TASK ▸
Return only the stretch of the material below that begins with the line containing "A placemat-shaped bag" and ends with the line containing "Mit dem Anstieg", exactly; both of those lines belong to it.

MATERIALS PROVIDED ▸
▽

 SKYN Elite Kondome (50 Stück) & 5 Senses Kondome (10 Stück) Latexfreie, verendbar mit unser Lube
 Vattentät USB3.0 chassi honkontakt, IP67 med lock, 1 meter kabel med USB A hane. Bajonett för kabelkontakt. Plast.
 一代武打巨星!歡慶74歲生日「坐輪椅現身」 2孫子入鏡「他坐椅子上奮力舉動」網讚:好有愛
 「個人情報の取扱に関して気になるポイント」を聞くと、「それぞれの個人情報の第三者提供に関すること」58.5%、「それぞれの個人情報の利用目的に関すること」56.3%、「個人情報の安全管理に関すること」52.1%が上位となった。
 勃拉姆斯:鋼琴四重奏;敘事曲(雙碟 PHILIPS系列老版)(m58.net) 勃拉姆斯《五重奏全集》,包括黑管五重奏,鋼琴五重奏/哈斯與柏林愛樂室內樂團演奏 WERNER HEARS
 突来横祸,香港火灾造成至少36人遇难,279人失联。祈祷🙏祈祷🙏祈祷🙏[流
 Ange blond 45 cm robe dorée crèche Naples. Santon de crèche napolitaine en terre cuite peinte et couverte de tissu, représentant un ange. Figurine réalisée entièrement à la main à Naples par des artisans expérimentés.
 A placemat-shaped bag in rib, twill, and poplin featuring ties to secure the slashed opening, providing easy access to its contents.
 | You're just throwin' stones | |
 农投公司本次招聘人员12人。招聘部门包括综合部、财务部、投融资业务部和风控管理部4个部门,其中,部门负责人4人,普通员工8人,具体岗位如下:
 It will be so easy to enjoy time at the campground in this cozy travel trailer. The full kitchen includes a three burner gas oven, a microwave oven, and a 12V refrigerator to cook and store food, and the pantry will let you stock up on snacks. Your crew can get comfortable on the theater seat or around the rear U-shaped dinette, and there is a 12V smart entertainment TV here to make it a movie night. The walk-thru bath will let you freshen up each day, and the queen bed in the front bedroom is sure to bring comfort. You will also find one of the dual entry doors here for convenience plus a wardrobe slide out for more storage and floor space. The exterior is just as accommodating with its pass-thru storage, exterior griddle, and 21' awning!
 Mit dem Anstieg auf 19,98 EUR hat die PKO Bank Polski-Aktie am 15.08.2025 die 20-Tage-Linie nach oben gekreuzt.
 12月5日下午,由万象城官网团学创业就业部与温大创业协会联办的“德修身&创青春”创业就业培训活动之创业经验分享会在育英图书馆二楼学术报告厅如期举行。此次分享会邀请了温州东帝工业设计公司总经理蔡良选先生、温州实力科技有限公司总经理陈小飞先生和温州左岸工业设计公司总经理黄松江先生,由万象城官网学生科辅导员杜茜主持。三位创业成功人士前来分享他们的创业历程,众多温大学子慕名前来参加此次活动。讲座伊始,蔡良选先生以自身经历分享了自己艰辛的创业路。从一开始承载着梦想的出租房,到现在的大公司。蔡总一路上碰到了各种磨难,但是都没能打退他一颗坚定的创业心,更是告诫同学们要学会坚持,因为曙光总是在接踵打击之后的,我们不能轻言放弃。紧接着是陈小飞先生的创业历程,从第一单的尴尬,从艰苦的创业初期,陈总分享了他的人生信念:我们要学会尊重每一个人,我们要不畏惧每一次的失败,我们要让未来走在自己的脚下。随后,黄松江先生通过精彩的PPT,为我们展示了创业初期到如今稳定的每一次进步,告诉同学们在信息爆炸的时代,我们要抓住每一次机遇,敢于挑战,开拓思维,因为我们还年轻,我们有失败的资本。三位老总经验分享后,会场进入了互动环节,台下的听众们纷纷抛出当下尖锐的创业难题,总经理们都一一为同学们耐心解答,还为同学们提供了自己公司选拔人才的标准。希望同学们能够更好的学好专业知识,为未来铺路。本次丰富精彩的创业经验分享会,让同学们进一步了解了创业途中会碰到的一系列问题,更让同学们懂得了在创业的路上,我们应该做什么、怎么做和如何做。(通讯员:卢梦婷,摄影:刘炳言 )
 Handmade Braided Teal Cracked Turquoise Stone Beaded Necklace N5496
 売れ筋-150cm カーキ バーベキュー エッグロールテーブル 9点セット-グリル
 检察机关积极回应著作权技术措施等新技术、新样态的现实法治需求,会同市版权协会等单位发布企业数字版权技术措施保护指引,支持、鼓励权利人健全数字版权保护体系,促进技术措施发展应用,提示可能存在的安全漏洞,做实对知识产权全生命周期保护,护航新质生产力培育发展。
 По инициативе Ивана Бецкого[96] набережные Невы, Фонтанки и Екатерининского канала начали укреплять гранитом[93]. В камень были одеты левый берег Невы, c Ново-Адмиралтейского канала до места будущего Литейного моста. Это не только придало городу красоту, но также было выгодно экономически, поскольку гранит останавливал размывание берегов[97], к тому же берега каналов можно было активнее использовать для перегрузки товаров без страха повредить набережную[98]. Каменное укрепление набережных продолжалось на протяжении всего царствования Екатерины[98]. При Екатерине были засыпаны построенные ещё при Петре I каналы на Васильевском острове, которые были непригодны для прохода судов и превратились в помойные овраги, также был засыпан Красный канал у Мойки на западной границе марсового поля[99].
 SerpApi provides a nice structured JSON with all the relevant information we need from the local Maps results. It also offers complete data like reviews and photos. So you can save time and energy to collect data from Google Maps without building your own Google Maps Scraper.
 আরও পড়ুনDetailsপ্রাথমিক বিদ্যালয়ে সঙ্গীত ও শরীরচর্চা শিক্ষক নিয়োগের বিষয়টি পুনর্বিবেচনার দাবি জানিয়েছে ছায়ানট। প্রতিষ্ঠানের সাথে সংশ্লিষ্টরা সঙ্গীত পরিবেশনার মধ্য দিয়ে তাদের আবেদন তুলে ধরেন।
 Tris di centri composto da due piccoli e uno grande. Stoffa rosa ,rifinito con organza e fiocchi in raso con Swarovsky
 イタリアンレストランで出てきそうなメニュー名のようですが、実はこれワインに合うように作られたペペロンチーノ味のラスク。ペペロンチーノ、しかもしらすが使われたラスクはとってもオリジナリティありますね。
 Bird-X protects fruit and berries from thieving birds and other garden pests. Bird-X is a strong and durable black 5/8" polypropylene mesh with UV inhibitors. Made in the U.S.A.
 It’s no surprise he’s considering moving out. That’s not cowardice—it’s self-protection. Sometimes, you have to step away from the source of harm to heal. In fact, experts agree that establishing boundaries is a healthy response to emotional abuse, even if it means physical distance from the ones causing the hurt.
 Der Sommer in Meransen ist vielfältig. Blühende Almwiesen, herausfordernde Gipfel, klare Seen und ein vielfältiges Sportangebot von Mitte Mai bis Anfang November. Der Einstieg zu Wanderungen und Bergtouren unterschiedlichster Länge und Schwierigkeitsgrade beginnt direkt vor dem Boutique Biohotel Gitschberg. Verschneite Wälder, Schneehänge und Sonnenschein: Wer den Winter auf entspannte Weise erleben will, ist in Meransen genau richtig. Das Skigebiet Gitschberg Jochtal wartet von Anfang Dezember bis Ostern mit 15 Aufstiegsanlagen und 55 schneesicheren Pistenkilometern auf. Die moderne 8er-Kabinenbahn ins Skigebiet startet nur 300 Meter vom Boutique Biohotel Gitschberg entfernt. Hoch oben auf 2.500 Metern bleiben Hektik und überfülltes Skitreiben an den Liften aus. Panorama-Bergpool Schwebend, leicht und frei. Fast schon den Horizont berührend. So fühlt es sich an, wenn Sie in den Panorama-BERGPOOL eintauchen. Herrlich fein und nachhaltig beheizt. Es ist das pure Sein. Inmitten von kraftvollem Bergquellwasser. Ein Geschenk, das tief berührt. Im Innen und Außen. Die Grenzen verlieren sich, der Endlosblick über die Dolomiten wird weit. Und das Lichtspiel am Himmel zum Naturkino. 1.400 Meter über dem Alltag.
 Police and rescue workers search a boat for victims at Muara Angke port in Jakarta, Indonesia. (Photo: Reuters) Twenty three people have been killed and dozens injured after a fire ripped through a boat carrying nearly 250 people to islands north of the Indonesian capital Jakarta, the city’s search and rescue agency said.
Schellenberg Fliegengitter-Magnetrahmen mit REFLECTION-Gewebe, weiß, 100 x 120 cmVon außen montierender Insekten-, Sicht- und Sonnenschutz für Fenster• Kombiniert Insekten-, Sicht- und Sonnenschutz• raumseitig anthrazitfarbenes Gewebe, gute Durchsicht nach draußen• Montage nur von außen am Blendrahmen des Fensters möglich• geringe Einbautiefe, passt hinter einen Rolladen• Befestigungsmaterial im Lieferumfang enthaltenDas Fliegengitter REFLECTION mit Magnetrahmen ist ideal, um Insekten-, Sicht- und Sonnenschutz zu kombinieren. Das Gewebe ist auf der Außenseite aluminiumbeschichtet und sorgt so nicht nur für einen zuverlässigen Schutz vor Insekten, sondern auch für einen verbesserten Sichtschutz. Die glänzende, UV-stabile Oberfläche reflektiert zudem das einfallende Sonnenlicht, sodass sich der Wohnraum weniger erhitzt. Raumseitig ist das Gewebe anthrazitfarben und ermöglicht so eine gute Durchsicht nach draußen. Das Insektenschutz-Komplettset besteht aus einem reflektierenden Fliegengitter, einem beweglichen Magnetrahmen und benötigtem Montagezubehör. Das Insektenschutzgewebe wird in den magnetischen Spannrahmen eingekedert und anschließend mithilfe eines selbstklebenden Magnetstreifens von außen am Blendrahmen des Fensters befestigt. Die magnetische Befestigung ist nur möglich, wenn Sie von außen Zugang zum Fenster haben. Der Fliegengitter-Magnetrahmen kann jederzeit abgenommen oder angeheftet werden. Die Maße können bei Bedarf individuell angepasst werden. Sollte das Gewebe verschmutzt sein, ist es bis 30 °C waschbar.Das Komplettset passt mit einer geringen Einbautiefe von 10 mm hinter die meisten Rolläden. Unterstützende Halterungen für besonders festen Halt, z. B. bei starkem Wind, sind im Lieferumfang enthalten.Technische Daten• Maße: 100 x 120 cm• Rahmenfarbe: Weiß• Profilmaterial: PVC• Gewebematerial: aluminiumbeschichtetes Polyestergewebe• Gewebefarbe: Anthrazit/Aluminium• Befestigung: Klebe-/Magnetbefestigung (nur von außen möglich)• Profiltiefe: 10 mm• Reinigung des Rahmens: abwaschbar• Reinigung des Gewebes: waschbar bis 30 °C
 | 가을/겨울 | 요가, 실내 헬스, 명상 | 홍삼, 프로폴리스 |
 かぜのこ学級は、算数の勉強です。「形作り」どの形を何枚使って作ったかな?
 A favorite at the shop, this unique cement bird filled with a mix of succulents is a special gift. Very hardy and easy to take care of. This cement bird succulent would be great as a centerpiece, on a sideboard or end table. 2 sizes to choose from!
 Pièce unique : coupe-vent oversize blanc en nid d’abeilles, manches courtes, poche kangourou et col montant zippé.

△

RESULT ▸
 A placemat-shaped bag in rib, twill, and poplin featuring ties to secure the slashed opening, providing easy access to its contents.
 | You're just throwin' stones | |
 农投公司本次招聘人员12人。招聘部门包括综合部、财务部、投融资业务部和风控管理部4个部门,其中,部门负责人4人,普通员工8人,具体岗位如下:
 It will be so easy to enjoy time at the campground in this cozy travel trailer. The full kitchen includes a three burner gas oven, a microwave oven, and a 12V refrigerator to cook and store food, and the pantry will let you stock up on snacks. Your crew can get comfortable on the theater seat or around the rear U-shaped dinette, and there is a 12V smart entertainment TV here to make it a movie night. The walk-thru bath will let you freshen up each day, and the queen bed in the front bedroom is sure to bring comfort. You will also find one of the dual entry doors here for convenience plus a wardrobe slide out for more storage and floor space. The exterior is just as accommodating with its pass-thru storage, exterior griddle, and 21' awning!
 Mit dem Anstieg auf 19,98 EUR hat die PKO Bank Polski-Aktie am 15.08.2025 die 20-Tage-Linie nach oben gekreuzt.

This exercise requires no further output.